さまざまな「写真展」を随時案内していく本コーナー。銀座ニコンサロンで、2016年6月8日から開催する「山を蝕(は) む」を紹介する。
つい最近まで、人びとは神仏や自然を恐れこれらに従順に服従していたが、今では人間が自らの力を信じる時代になった。
人間は、自己の欲求を満たすため、資源採掘、治山、道路建設などを行い、生活の利便性のため一方的に自然を開発・支配し、ねじ伏せる。しかも、重機を使用し山を刻んでいくがゆえにその変貌は急で、今日我々が目にするシーンも明日にはまた違ったものとなる。

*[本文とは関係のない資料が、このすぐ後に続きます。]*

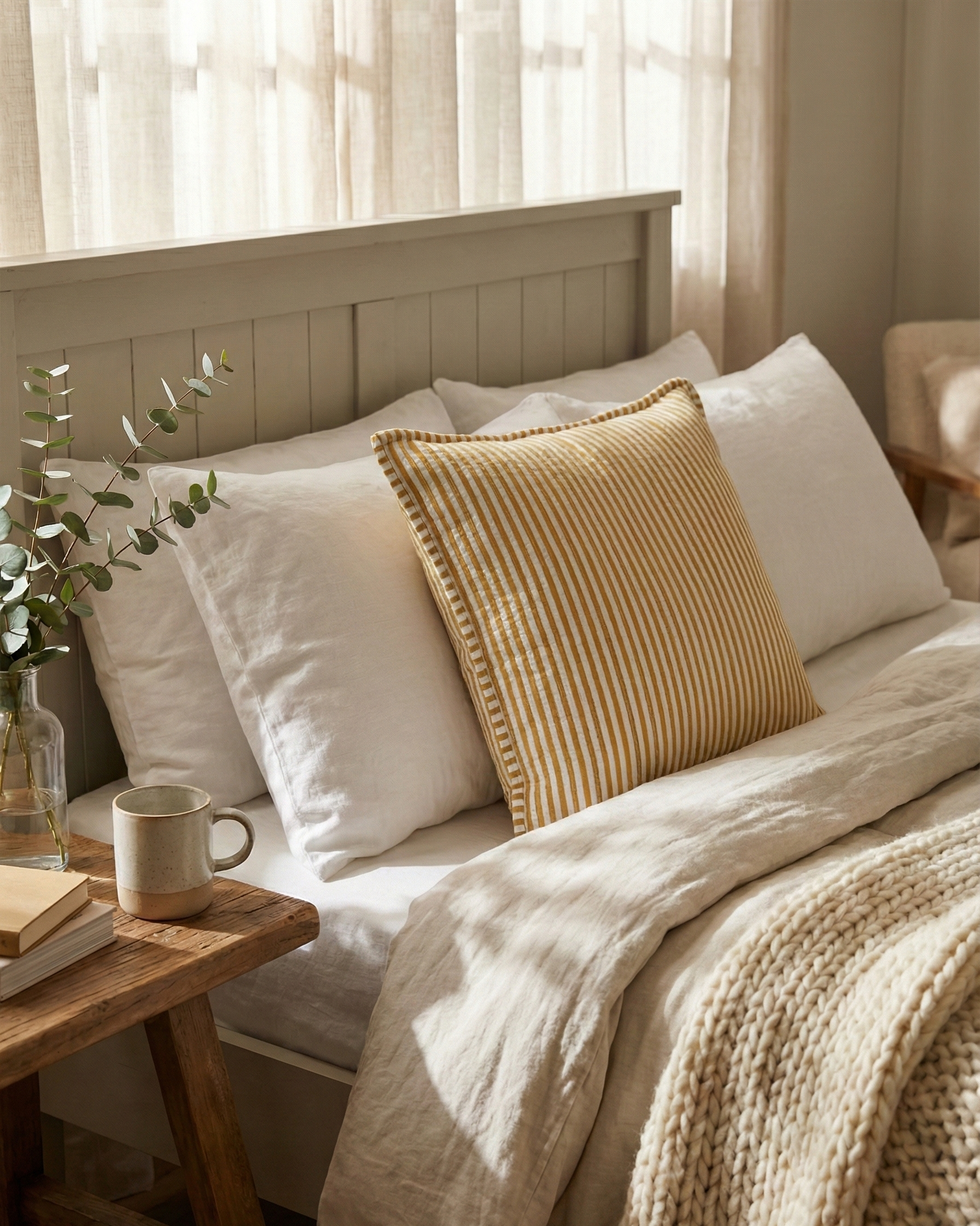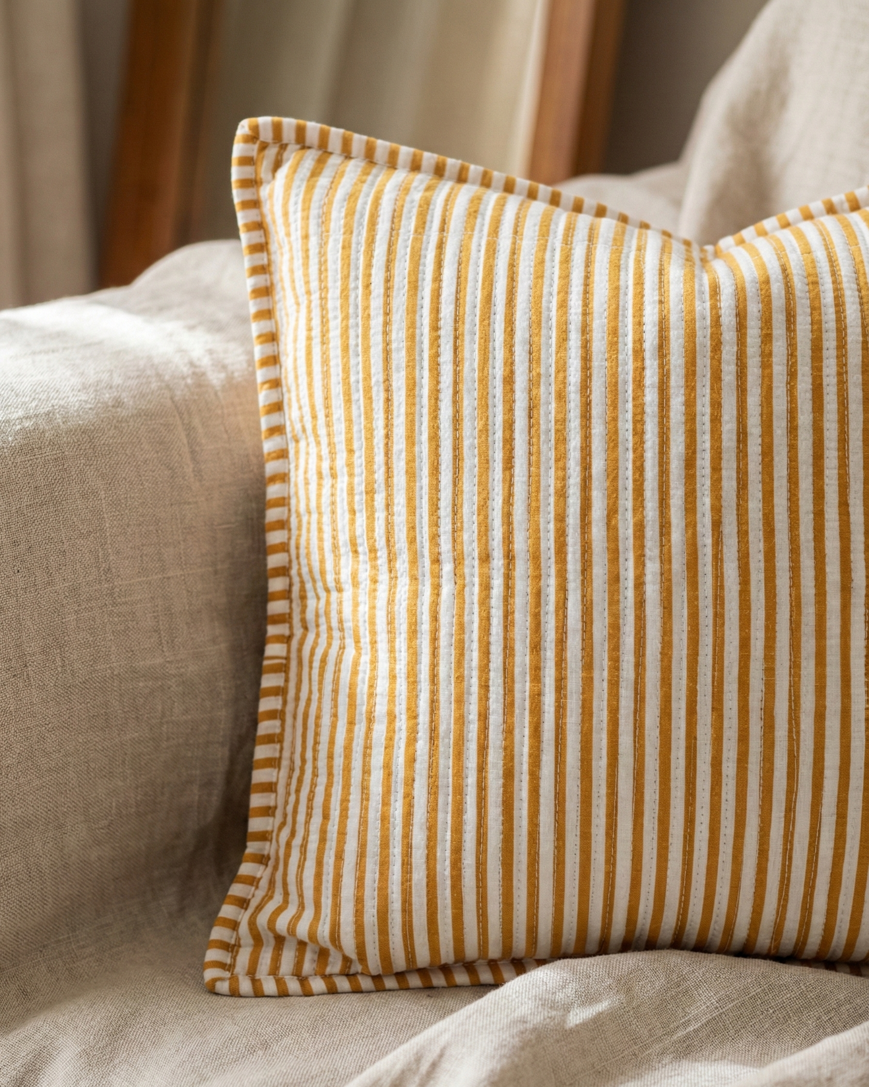 Hand-stitched quilting meets a sophisticated ochre palette. This Golden Hour cover offers immediate textural depth and a bespoke finish. Designed to look effortlessly collected, this cover brings a relaxed, high-end narrative to your sofa.

これら人間の自然への挑戦が進歩・文明だと言われているが、一旦、削り取られた山肌の回復は至難のことだ。人間の独善的な自然支配がどこまで許されるのだろうかと作者は思う。
日本人は、わが国が山と海という自然、そして四季の移りの美しさに恵まれているのに当たり前のこととしてそれには気がつかないでいる。山が草木や昆虫や動物もいない「沈黙」の場所になってしまわないだろうか。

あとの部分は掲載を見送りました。